In an earlier letter, Cynthia told her mother of a plan to go to Detroit, Michigan and Windsor Ontario, over the border in Canada, with a more congenial companion, Pam, another English exchange teacher, than the older Tyneside couple, the Atkinsons. They would have taken a weekend, involving trains and buses, and late November is not the ideal time to be exploring like tourists, but the details emerge in a further letter. This is just a note to her mother to show her pretty writing paper and enclose a few oddments. It’s interesting showing trains in the pre-Amtrak days with a nod to a very successful advertising campaign!


26 November 1946
My dearest Mummy,
I got these darling bits of paper and envelopes in Canada, and I didn’t have to pay duty when I bought them back to America. They were so sweet though, that I thought I must write on one for you to see, and I’m enclosing some things that might amuse you.
- A letter from my faithful admirer, Ivy, in Cambridge. She has written quite a few times, and I write once in a while & send P.C.s and movie mags. but her letters tickle me to bits, & I know they’ll amuse you too. They remind me a bit of my “girlish” letters from York!
- A little map of a few of the states to show you where various places are. I feel quite superior now, as I know where these states are round about, but I’m always getting floored over ones like Nevada!
- A picture of a little kitten! There’s a story attached to that- coming home from Detroit Pam & I set out for the Station to catch the 5.40 train. We finally got a bus & the driver said “Which station – Union?” So we said yes, having no idea, & got dumped off at a dark dingy place we’d never seen before! However, we trotted in & found it was the wrong station, but that there was a 5.40 train we could catch on the C&O line (Chesapeake and Ohio) instead of the one we intended to take on the B&O (Baltimore & Ohio)! It was a nice comfortable train & not crowded & when we went for dinner, we had the place nearly to ourselves, & a very nice attentive middle-age coloured waiter looked after us.
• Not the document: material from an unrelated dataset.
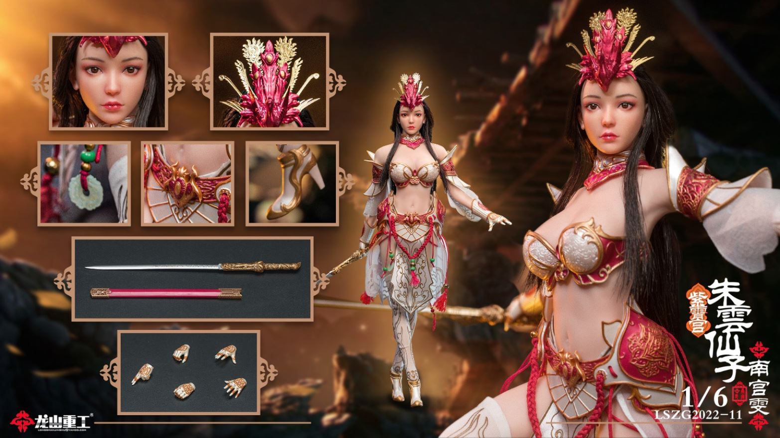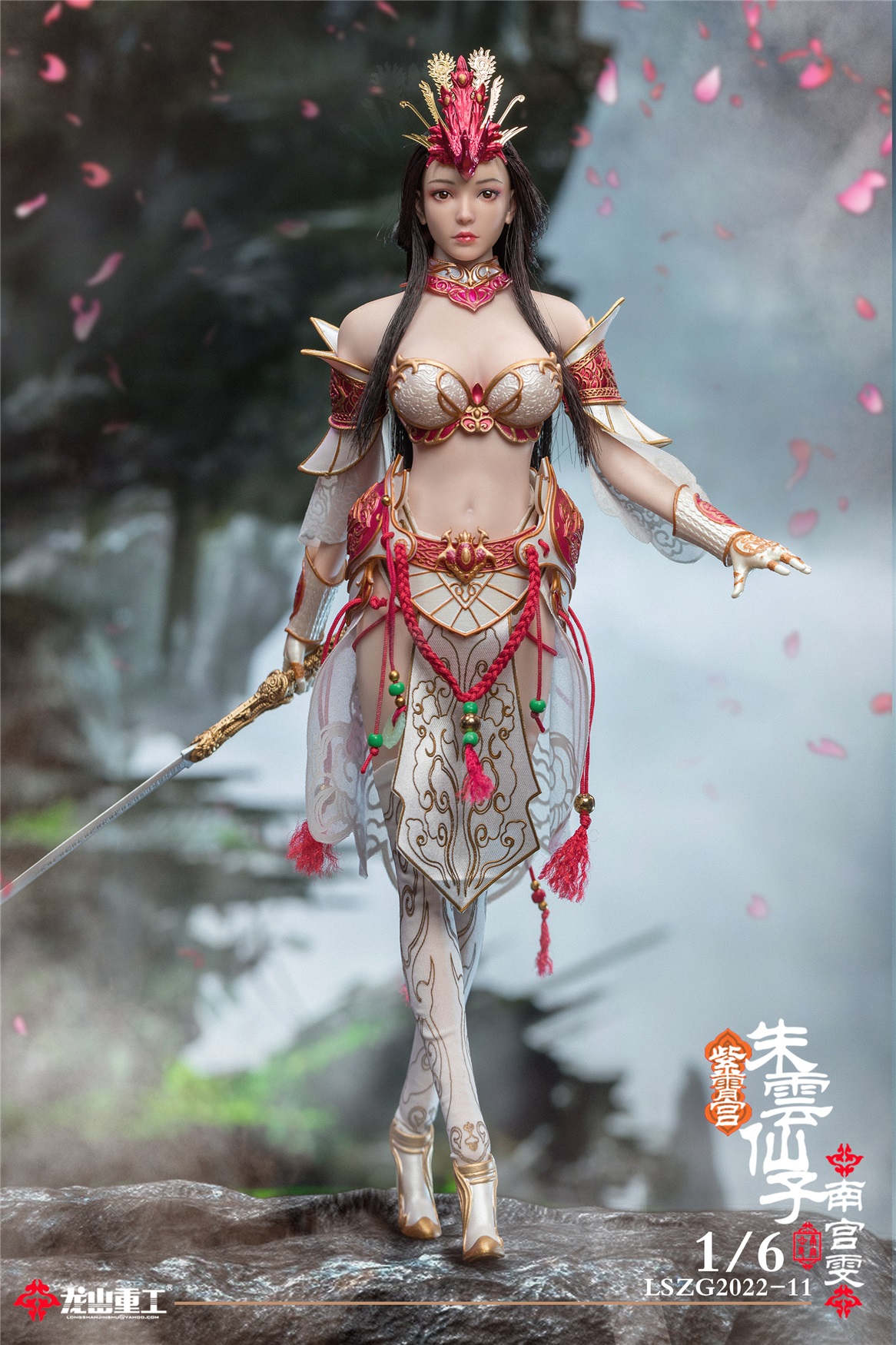 Longshan Heavy Industry LSZG2022-11 1/6 Zixia Palace Zhu Yun Fairy (Nangong Wen)Product No. LSZG2022-11Product list:TBL-S10D encapsulated plastid x1Simulated head carving X1Crown X1Chest armor X2Guard arm X2Guard X2Skirt armour X4Hand X5Shoes X2Flower sleeve X2Jade pendant X1Underwear X1Swing skirt X1Long leg socks X2Youlong Sword X1Platform support X1

We had a lovely dinner, & he kept asking us if we enjoyed it, & at the end he brought us little finger bowls with water in paper cups with this kitten at the bottom. Of course we were intrigued & he gave us each one & apparently they’re a family of cats in the C&O advertising- this is the mother Chessie & the father is Peak & there are twin kittens. Father was away in the Army & is just back with all his medals & Mother is sleeping soundly in a berth again! He was such a nice waiter & seemed well educated & so interested in England that we had a nice time! I am sending you Chessie to keep for me as a souvenir! Bon souvenir as Ludwik says!